** DATA EXTRACTS follows **

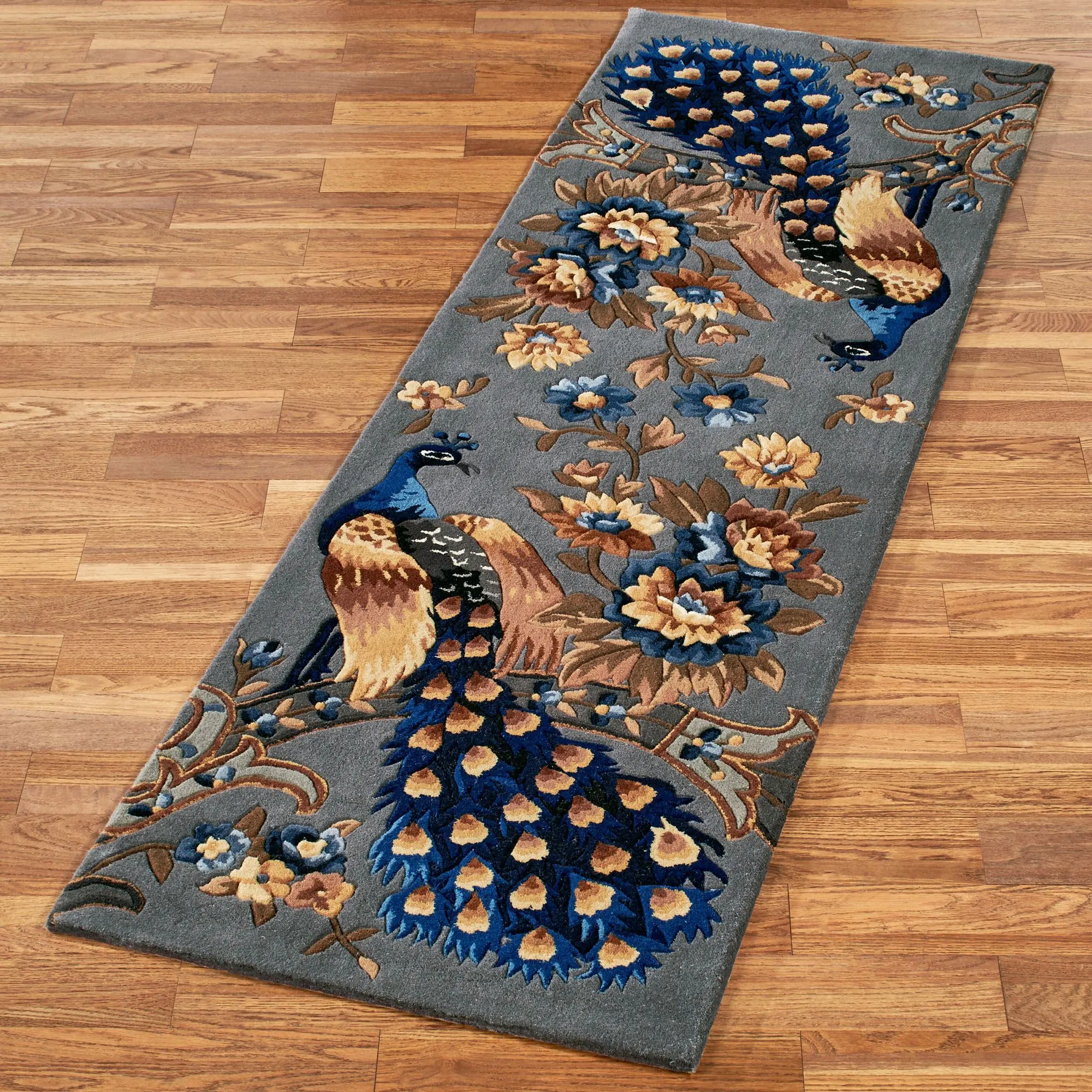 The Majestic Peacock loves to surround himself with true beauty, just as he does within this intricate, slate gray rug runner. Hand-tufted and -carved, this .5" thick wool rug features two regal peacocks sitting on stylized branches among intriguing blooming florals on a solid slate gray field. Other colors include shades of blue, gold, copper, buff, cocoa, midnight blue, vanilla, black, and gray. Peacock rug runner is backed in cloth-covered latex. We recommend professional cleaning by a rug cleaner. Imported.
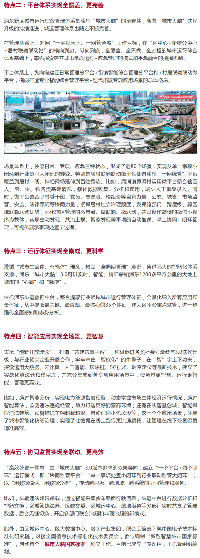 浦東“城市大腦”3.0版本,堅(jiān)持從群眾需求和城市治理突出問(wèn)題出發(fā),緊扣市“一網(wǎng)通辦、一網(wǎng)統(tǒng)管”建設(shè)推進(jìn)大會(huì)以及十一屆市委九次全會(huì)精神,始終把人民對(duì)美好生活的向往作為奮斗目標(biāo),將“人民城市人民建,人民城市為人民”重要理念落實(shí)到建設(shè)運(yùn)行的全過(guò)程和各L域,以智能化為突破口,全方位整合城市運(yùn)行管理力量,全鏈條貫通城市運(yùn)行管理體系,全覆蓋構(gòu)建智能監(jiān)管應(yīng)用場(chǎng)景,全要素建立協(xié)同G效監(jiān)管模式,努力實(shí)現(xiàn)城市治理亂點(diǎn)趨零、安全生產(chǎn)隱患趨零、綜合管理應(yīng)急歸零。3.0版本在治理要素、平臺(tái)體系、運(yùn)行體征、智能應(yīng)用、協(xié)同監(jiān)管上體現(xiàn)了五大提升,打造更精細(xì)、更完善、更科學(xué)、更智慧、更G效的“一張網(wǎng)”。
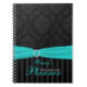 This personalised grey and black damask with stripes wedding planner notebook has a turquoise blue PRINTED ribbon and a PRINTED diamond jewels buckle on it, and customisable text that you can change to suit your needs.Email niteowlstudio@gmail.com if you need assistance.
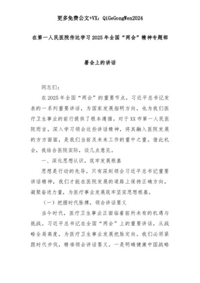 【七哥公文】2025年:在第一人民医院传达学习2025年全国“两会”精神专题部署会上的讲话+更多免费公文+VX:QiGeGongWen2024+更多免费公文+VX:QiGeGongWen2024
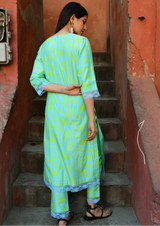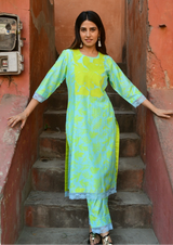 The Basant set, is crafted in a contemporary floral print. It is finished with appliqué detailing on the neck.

** End of DATA EXTRACTS **
** DATA EXTRACTS follows **

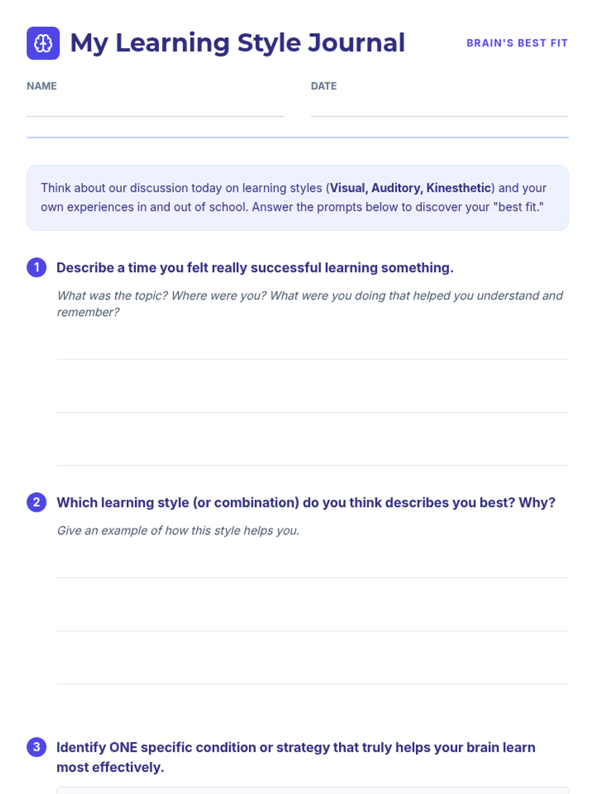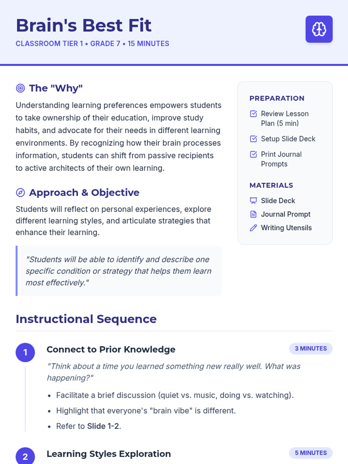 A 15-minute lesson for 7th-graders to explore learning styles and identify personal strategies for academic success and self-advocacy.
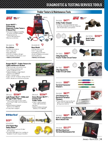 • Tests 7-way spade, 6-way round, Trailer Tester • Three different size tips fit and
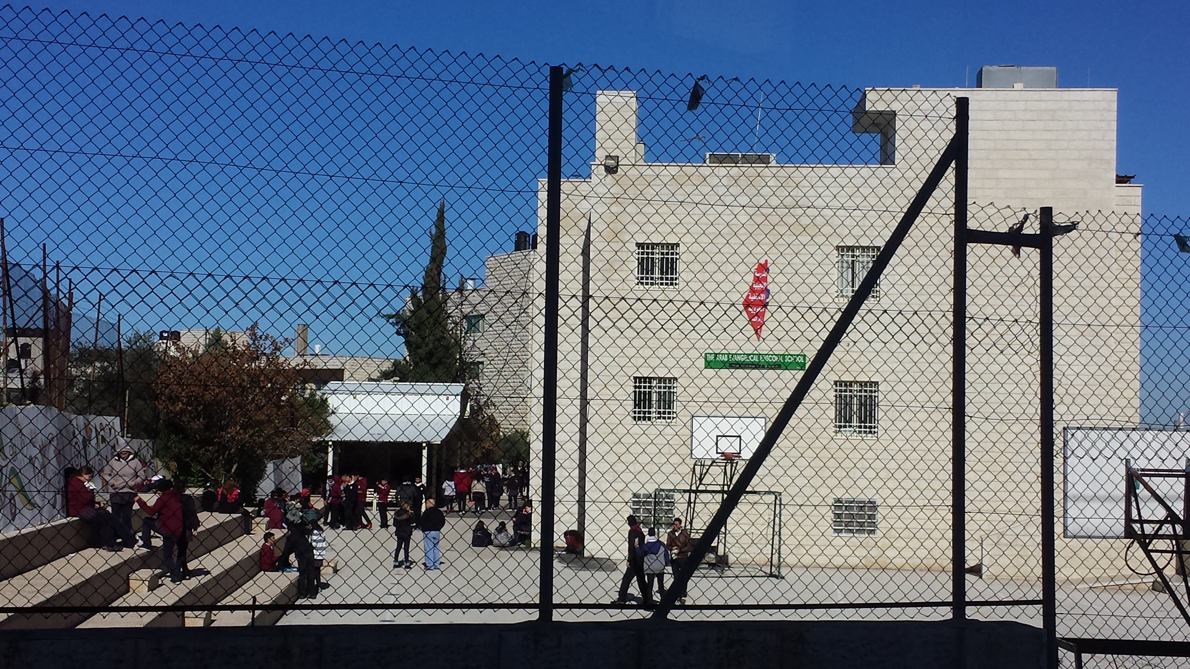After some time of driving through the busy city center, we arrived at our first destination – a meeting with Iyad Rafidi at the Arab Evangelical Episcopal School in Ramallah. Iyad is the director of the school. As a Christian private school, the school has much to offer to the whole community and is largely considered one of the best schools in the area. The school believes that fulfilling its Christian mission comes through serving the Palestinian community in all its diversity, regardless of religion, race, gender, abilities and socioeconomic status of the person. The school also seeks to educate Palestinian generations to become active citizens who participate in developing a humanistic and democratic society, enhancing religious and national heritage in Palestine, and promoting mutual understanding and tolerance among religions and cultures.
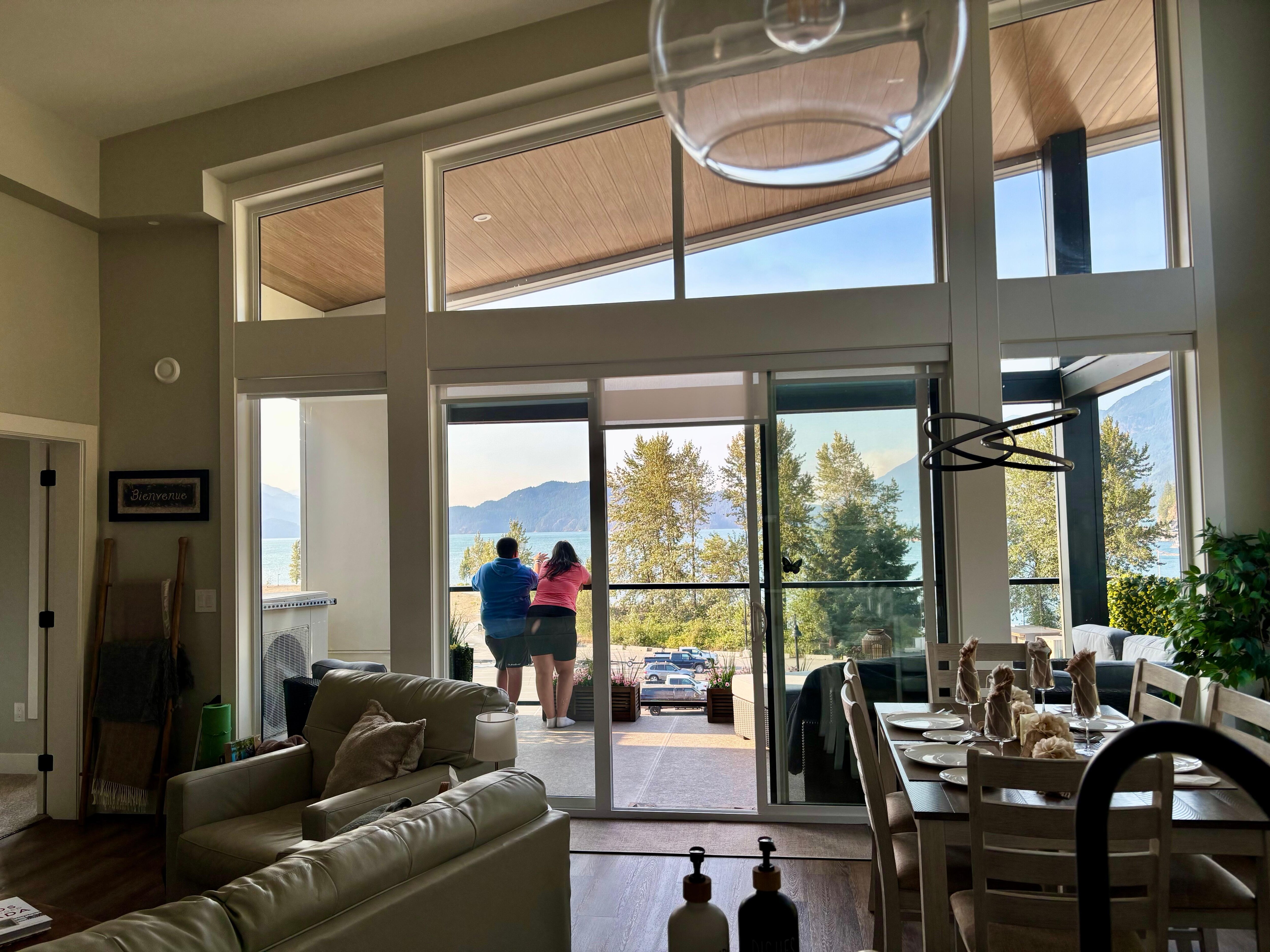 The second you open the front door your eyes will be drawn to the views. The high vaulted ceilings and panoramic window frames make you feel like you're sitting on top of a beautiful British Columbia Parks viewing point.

** End of DATA EXTRACTS **

TASK ITEM
Print exactly the lines above that run from the one with "The Majestic Peacock" to the one with "The Basant set, is", both included. No pictures.

OUTPUT BELOW
 The Majestic Peacock loves to surround himself with true beauty, just as he does within this intricate, slate gray rug runner. Hand-tufted and -carved, this .5" thick wool rug features two regal peacocks sitting on stylized branches among intriguing blooming florals on a solid slate gray field. Other colors include shades of blue, gold, copper, buff, cocoa, midnight blue, vanilla, black, and gray. Peacock rug runner is backed in cloth-covered latex. We recommend professional cleaning by a rug cleaner. Imported.
 浦東“城市大腦”3.0版本,堅(jiān)持從群眾需求和城市治理突出問(wèn)題出發(fā),緊扣市“一網(wǎng)通辦、一網(wǎng)統(tǒng)管”建設(shè)推進(jìn)大會(huì)以及十一屆市委九次全會(huì)精神,始終把人民對(duì)美好生活的向往作為奮斗目標(biāo),將“人民城市人民建,人民城市為人民”重要理念落實(shí)到建設(shè)運(yùn)行的全過(guò)程和各L域,以智能化為突破口,全方位整合城市運(yùn)行管理力量,全鏈條貫通城市運(yùn)行管理體系,全覆蓋構(gòu)建智能監(jiān)管應(yīng)用場(chǎng)景,全要素建立協(xié)同G效監(jiān)管模式,努力實(shí)現(xiàn)城市治理亂點(diǎn)趨零、安全生產(chǎn)隱患趨零、綜合管理應(yīng)急歸零。3.0版本在治理要素、平臺(tái)體系、運(yùn)行體征、智能應(yīng)用、協(xié)同監(jiān)管上體現(xiàn)了五大提升,打造更精細(xì)、更完善、更科學(xué)、更智慧、更G效的“一張網(wǎng)”。
 This personalised grey and black damask with stripes wedding planner notebook has a turquoise blue PRINTED ribbon and a PRINTED diamond jewels buckle on it, and customisable text that you can change to suit your needs.Email niteowlstudio@gmail.com if you need assistance.
 【七哥公文】2025年:在第一人民医院传达学习2025年全国“两会”精神专题部署会上的讲话+更多免费公文+VX:QiGeGongWen2024+更多免费公文+VX:QiGeGongWen2024
 The Basant set, is crafted in a contemporary floral print. It is finished with appliqué detailing on the neck.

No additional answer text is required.